Nel report appena pubblicato, coperti gli anni dal 2007 al 2011. E’ la prima valutazione europea di questo tipo. Investigati i modi di trasmissione e le combinazioni di alimenti/patogeni che producono la maggior parte delle infezioni o malattie.
Dopo l’epidemia da E. Coli con Shiga tossine “tedesco” dell’estate del 2011, in Europa si è realizzato che anche alimenti di origine non animale possono essere al centro di gravi ed estese infezioni. Successivamente ad una prima valutazione di EFSA nell’ottobre del 2011, proprio su tale patogeno, ecco un ulteriore parere di EFSA in merito ai patogeni negli alimenti di origine non animale.
Le autorità sanitarie raccomandano da tempo un maggiore consumo di frutta e verdura, nonché di cereali, frutta secca, spezie – in virtù di proprietà desiderabili per il benessere e per la prevenzione di malattie. Importante allora capire come difendersi da eventuali patogeni veicolati dalla categoria “alimenti di origine non animale”, anche per capire quali sono le fonti principali tra gli alimenti; quali i patogeni più diffusi; e ancora, con dati storici alla mano- andare a verificare se vi sono in atto tendenze. I dati infatti coprono 4 anni, il che permette alcune prime riflessioni. Con la pubblicazione di un Report da parte del panel Rischi Biologici di EFSA (Biohazard), sono state poste le prime fondamenta per tale ricognizione.
Nel report si legge che il 90% delle infezioni documentate provengano da alimenti di origine animale. Ma – e questo è un punto rilevante- stanno aumentando anche gli eventi riconducibili a alimenti di origine non animale.
Sebbene tali infezioni siano solitamente meno gravi, e con un numero minore di ricoveri e di morti, una volta che si verificano sembra abbiano una diffusione maggiore nella popolazione. Un numero sintetizza bene questo aspetto: per il periodo considerato, gli eventi epidemiologici riferibili ad alimenti di origine non animale sono stati il 10% del totale, ma hanno coperto ben il 26% delle infezioni umane, il 35% dei ricoveri e il 46% delle morti. EFSA sottolinea come il caso tedesco del 2011 (germogli con Escheria Coli variante Shiga) sia da questo punto di vista però in grado di distorcere i dati: infatti senza tale episodio, le morti sarebbero “solo” al 5% del totale e i ricoverati “solo” l’8%.
EFSA si è inoltre trovata davanti ad una sfida metodologica circa la costruzione di un modello di classificazione del rischio, includendo le combinazioni “peggiori” da un punto di vista della sicurezza. Usando un modello siile sviluppato dalla FDA USA, si è riusciti a valutare la forza dell’associazione tra cibo e patogeni; leggendo insieme vari fattori come la prevalenza dell’infezione (sugli esposti); la gravità delle conseguenze dell’infezione; la relazione dose –risposta; la prevalenza della contaminazione, il consumo e il potenziale di replicazione batterica durante la shelf life del prodotto.

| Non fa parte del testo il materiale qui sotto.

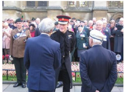
HRH PRINCE HARRY STOPS FOR A WORD WITH JOHN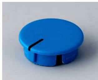
A4116106 Cover 16, with line ABS (UL 94 HB) light blue RAL 5012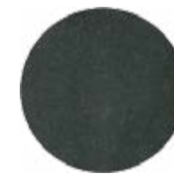
SIÈGE D.8120 COR 0859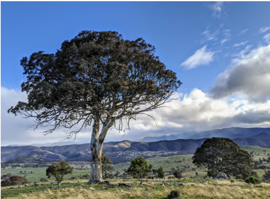
Old growth eucalypt.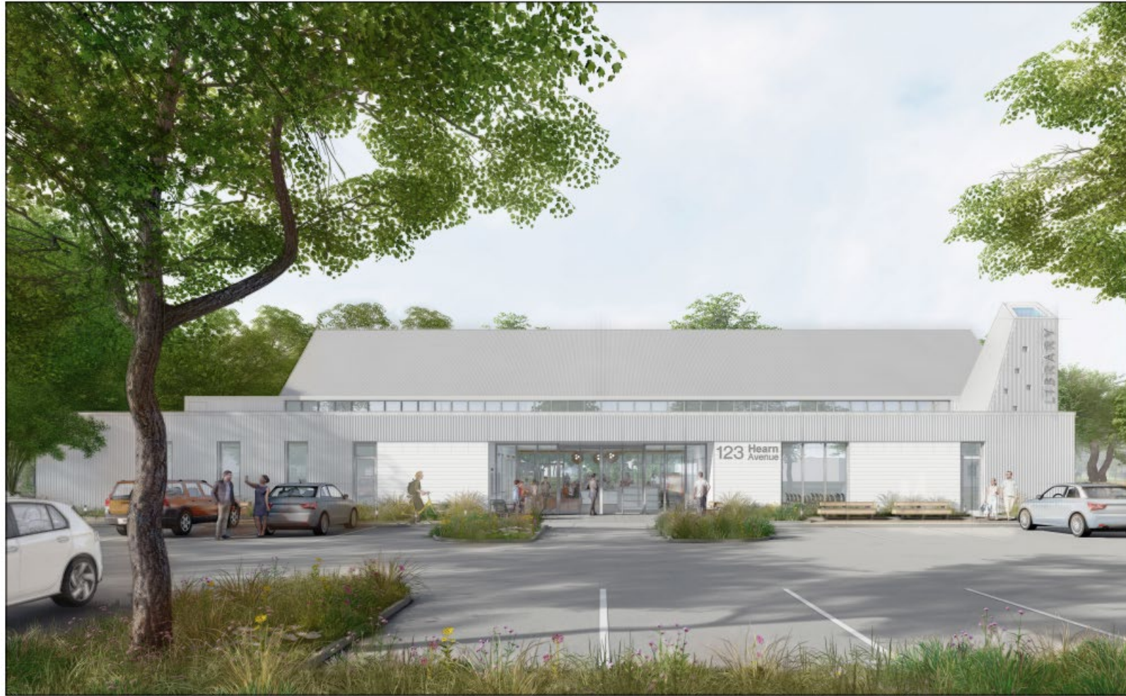
LIBRARY FROM NORTH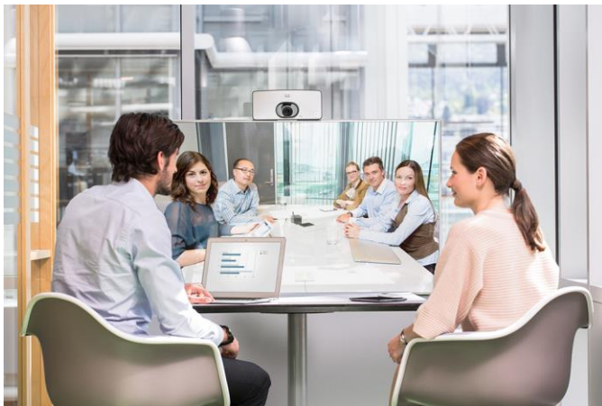
Figure 3. Cisco TelePresence® SX10 Quick Set Registered to Cisco Spark

Cisco Spark supports a range of video devices for use within a Cisco Spark meeting.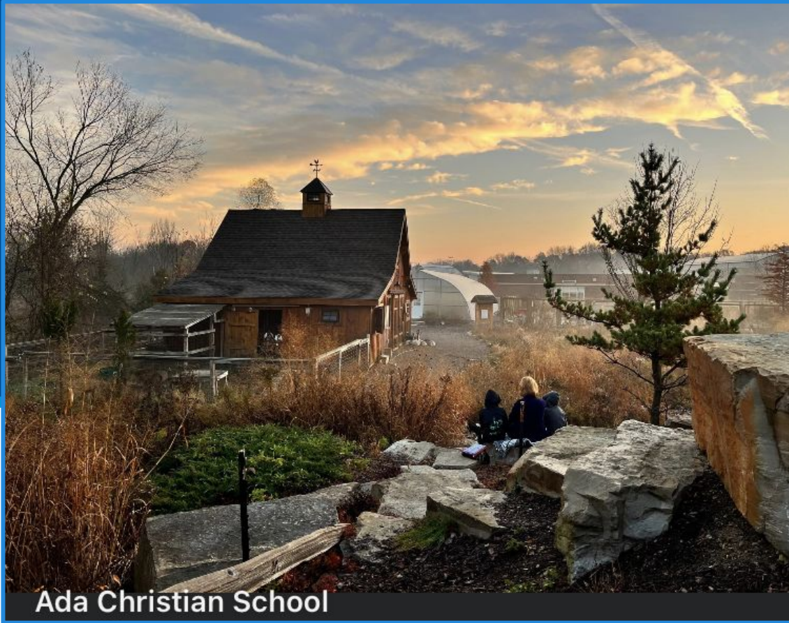
Ada Christian School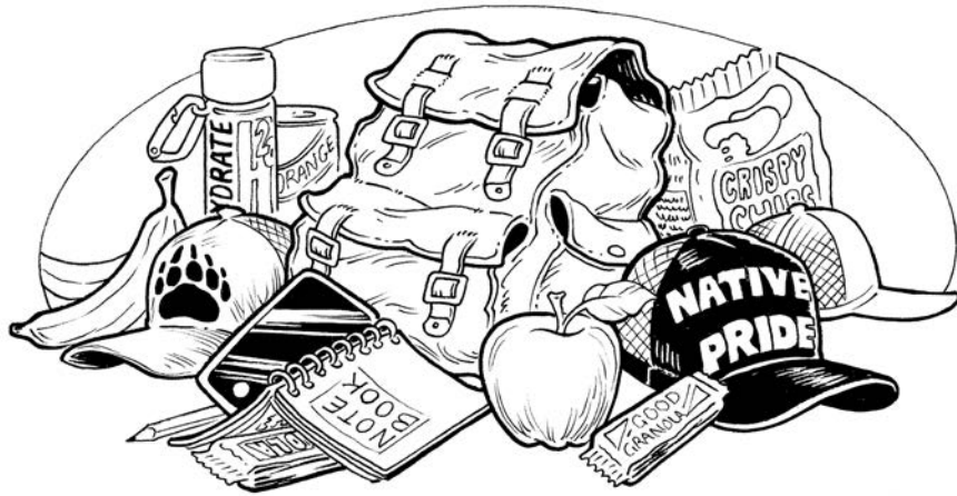
Part I Illustration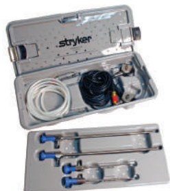
Endoscope and Camera Sterilization Tray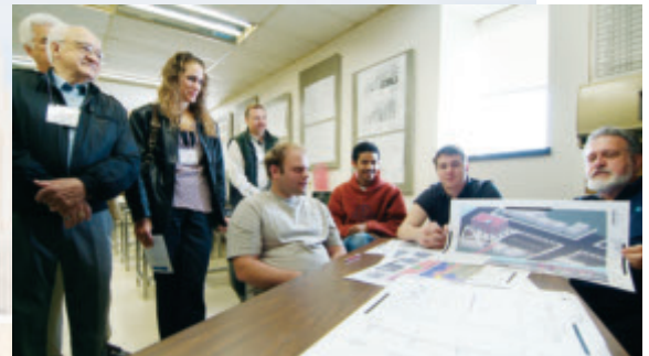
Alumni enjoyed tours of Dunwoody during the construction-related program reunion in October.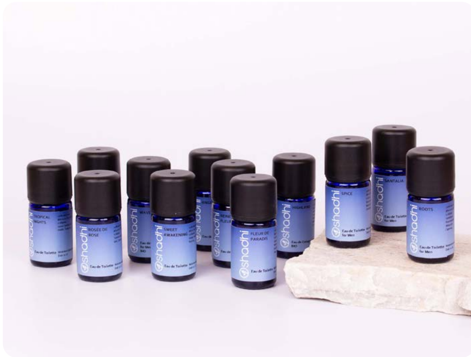
Eau de Toilette Tester Set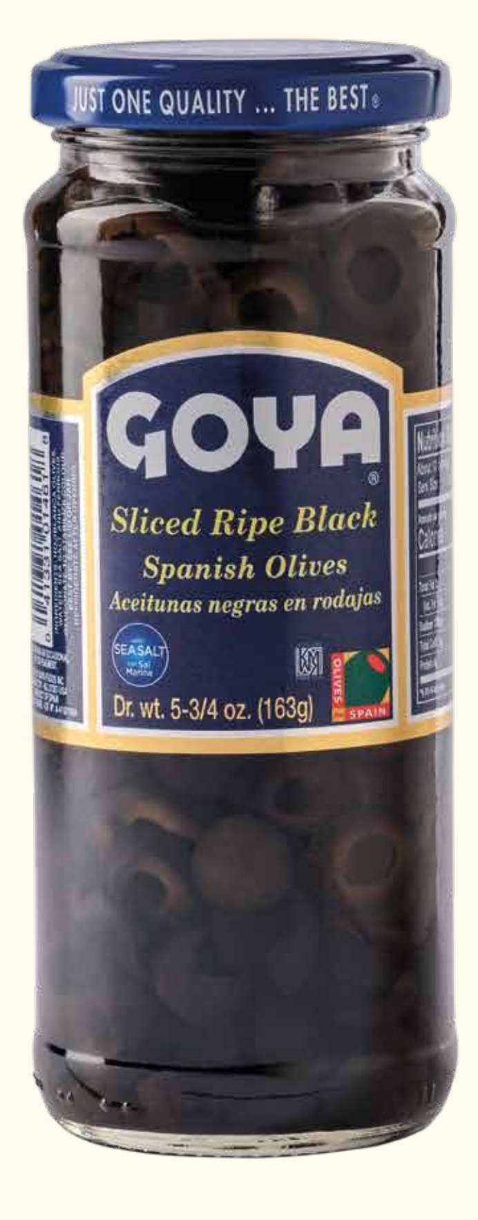
Black Sliced Olives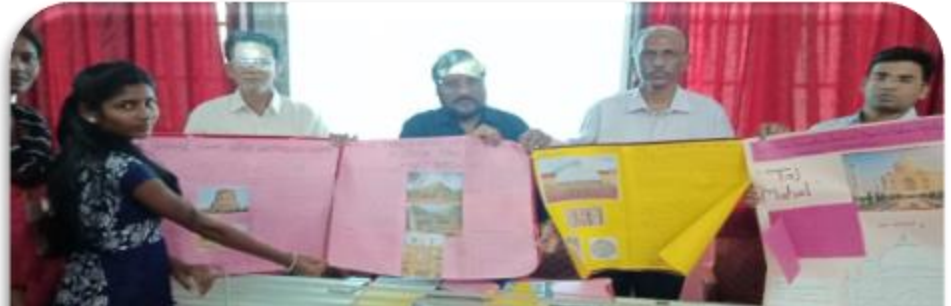
World Tourism Day 28/09/2018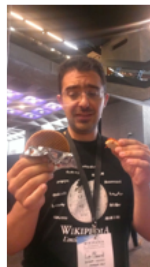
By Sannita (Own work) [CC-BY-SA-3.0 ( http://creativecommons.org/licenses/by-sa/3.0/ )], via Wikimedia Commons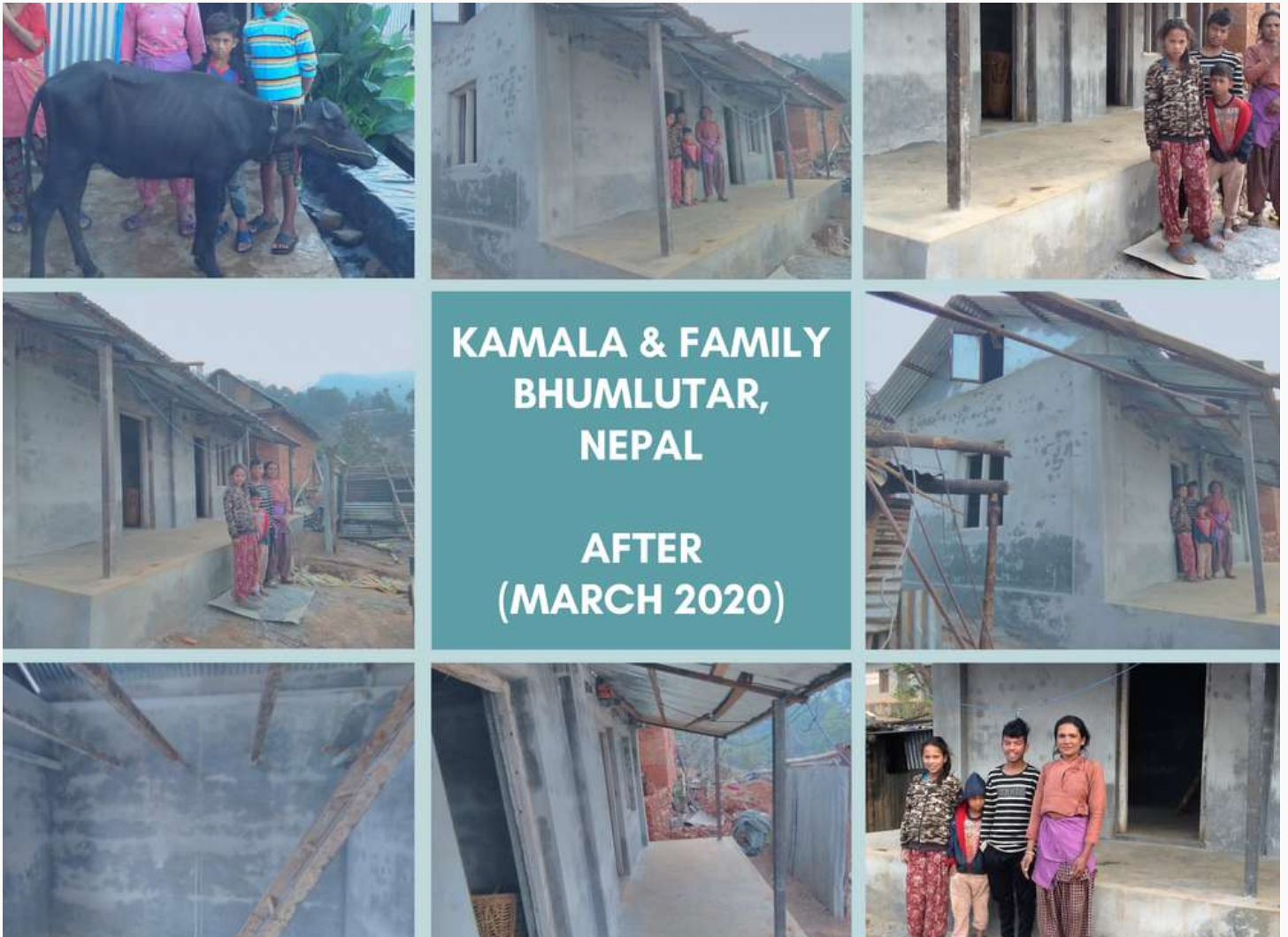
Kamala and children's house after (Mar/Apr 2020)

Pair of locally raised turkeys = Cost: NPR2,000 / USD$ 16.67 / NZD$ 27.14

Salmonella e verdure a foglia verde mangiate crude sarebbero al primo posto nella scala, seguite da (a pari livello) salmonella e vegetali a bulbo e fusto (come asparagi, cipolla, aglio); salmonella e pomodori; salmonella e meloni; ed E. Coli patogeni su legumi o granaglie.
Per l’anno appena iniziato EFSA indagherà I fattori retrostanti che sembrano associate alla combinazione alimenti-patogeni.
Suggerendo semmai opzioni di gestione del rischio utilizzabili per minimizzare l’esposizione, come buone prassi di gestione lungo la filiera o aspetti di conservazione e trattamento a livello domestico.